EXERCISE DIRECTIONS – Please transcribe only the lines from the one holding "Fotografia das colheres-medida" through the final line of the data, both included, with no pictures.

INPUT DATA –
* * * * *
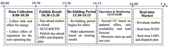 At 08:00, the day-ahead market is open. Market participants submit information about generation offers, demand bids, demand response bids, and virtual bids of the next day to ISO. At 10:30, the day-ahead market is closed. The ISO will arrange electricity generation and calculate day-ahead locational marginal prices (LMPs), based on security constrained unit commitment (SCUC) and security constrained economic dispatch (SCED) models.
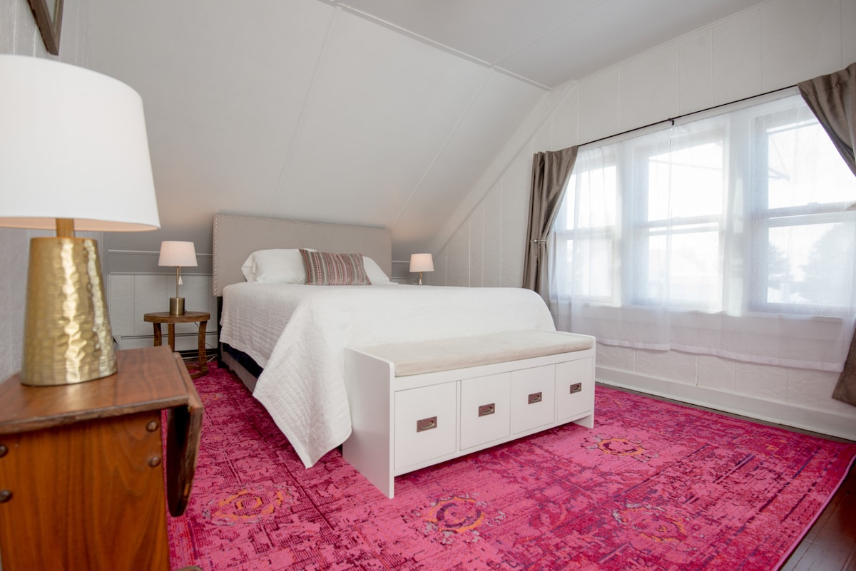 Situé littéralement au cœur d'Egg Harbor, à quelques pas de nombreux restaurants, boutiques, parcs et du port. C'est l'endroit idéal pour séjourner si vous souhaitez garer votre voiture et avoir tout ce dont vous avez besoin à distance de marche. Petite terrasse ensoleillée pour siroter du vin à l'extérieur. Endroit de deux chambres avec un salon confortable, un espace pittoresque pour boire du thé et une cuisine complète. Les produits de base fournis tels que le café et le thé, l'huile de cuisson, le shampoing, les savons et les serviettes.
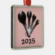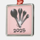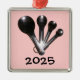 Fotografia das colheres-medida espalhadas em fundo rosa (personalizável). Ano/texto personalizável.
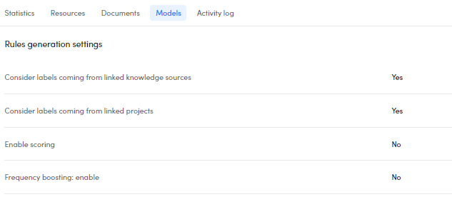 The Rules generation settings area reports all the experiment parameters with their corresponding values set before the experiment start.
* * * * *
EXPECTED ANSWER –
 Fotografia das colheres-medida espalhadas em fundo rosa (personalizável). Ano/texto personalizável.
 The Rules generation settings area reports all the experiment parameters with their corresponding values set before the experiment start.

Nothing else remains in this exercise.